==== Data for the task

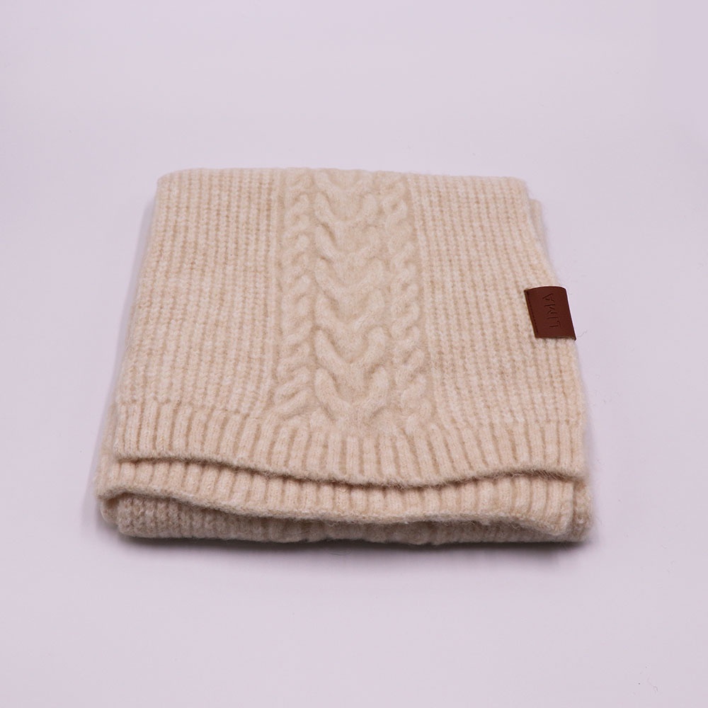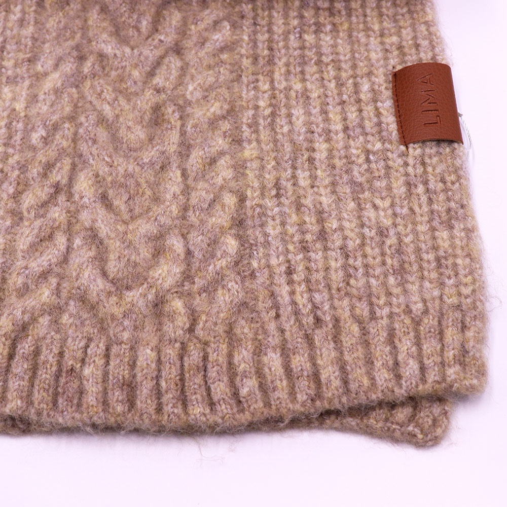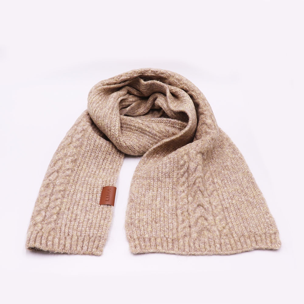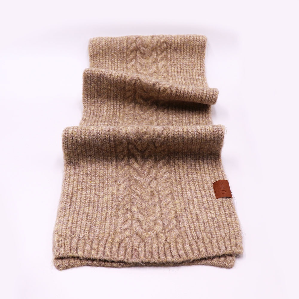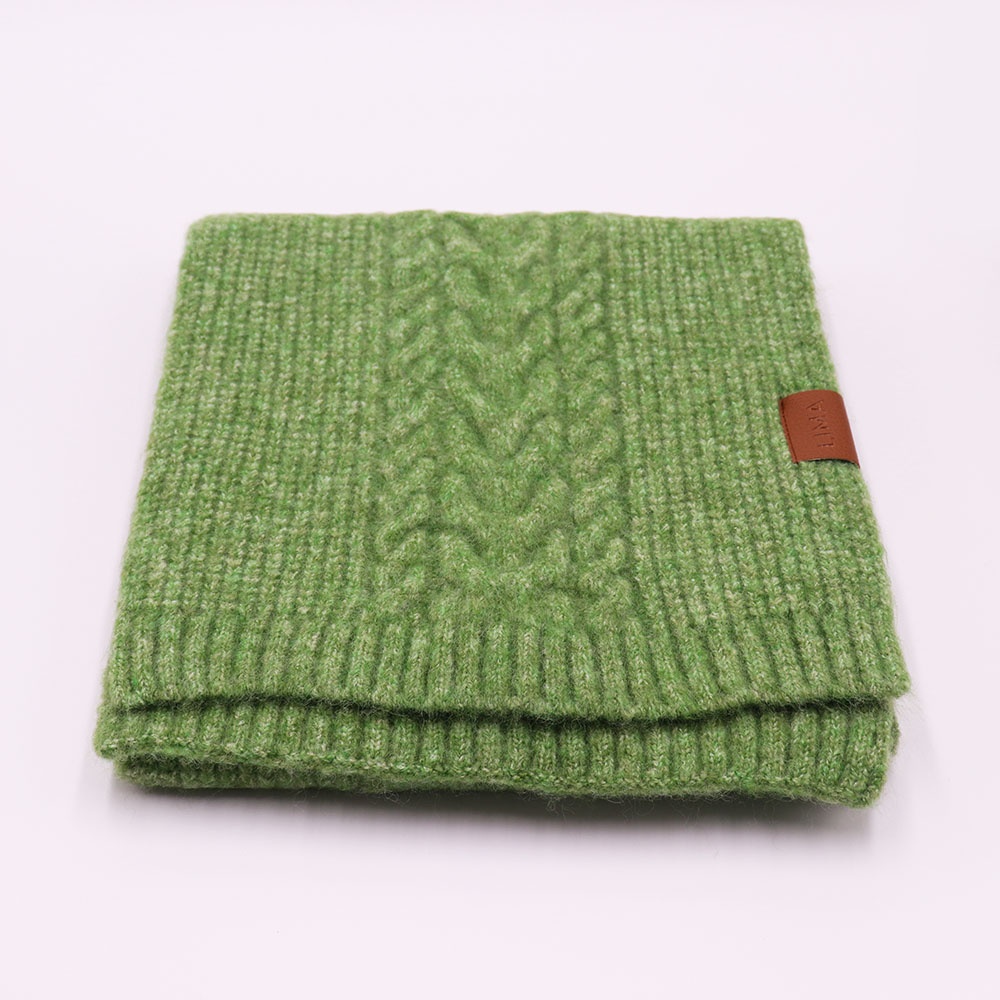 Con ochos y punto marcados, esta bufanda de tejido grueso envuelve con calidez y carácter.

========
==== Data for the task

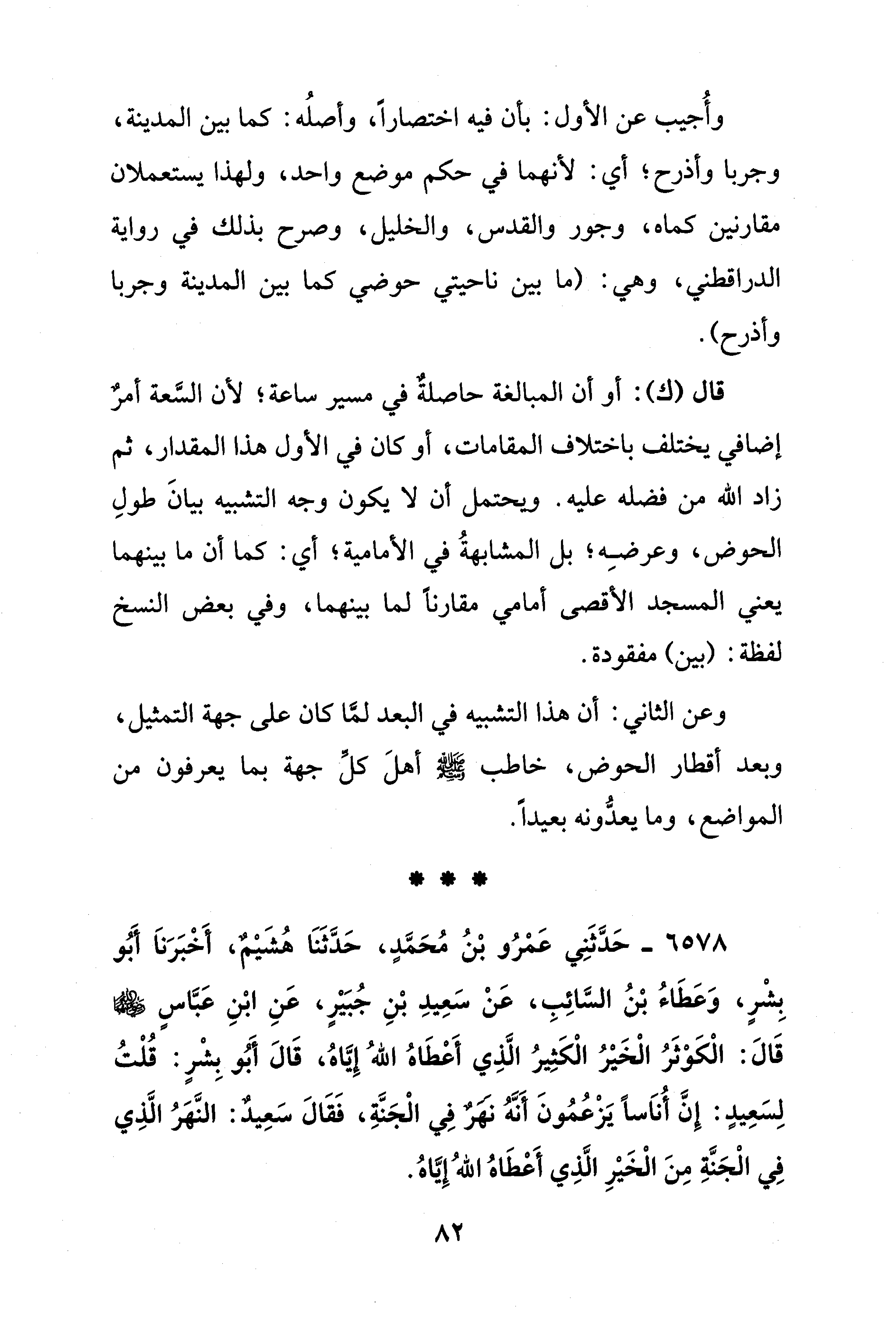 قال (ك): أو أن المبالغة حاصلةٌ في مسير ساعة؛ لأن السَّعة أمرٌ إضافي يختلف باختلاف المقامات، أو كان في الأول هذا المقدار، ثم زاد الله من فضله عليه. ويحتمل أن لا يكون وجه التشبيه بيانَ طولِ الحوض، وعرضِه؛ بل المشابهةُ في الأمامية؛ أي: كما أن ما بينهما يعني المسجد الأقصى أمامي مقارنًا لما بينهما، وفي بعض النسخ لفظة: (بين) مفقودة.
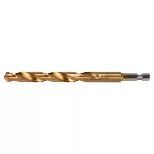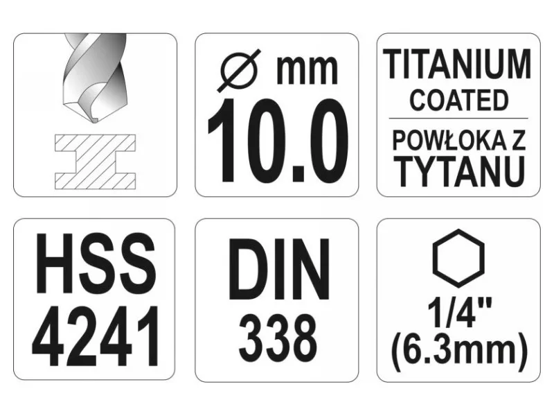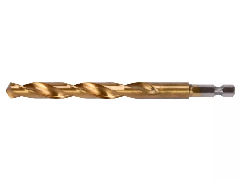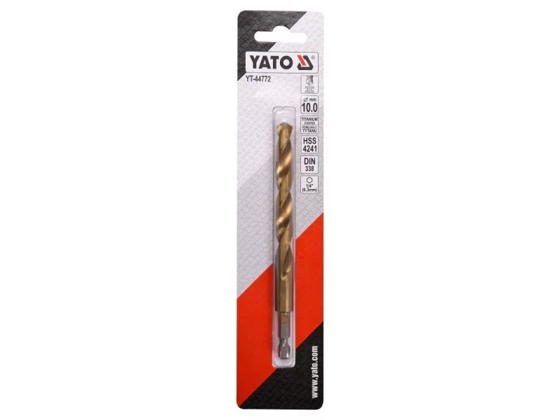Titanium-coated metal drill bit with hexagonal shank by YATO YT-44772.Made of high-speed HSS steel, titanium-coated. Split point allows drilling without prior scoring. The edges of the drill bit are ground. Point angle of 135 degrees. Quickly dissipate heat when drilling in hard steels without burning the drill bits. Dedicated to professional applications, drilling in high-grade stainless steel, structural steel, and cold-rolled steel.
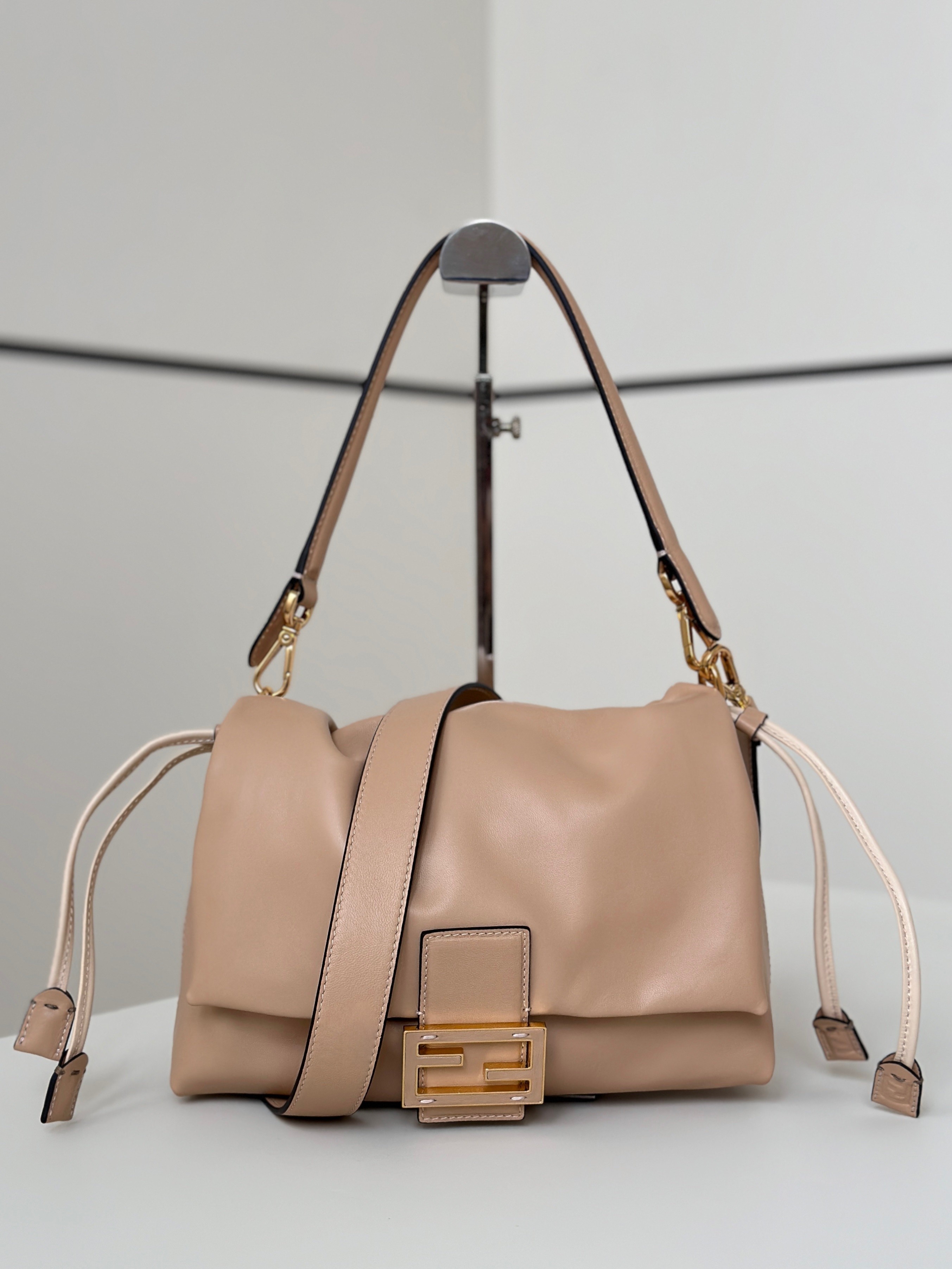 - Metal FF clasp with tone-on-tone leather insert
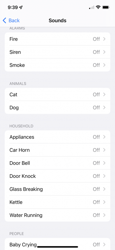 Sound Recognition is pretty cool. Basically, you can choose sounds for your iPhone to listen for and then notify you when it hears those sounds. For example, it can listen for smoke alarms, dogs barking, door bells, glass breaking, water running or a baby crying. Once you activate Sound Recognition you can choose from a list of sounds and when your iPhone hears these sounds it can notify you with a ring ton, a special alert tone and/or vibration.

========

# Exercise description:
Although the records above contain pictures, the copy should not; retype exactly the lines from the one containing "- Metal FF clasp" through the one containing "Sound Recognition is".

# Finished task:
 - Metal FF clasp with tone-on-tone leather insert
 Sound Recognition is pretty cool. Basically, you can choose sounds for your iPhone to listen for and then notify you when it hears those sounds. For example, it can listen for smoke alarms, dogs barking, door bells, glass breaking, water running or a baby crying. Once you activate Sound Recognition you can choose from a list of sounds and when your iPhone hears these sounds it can notify you with a ring ton, a special alert tone and/or vibration.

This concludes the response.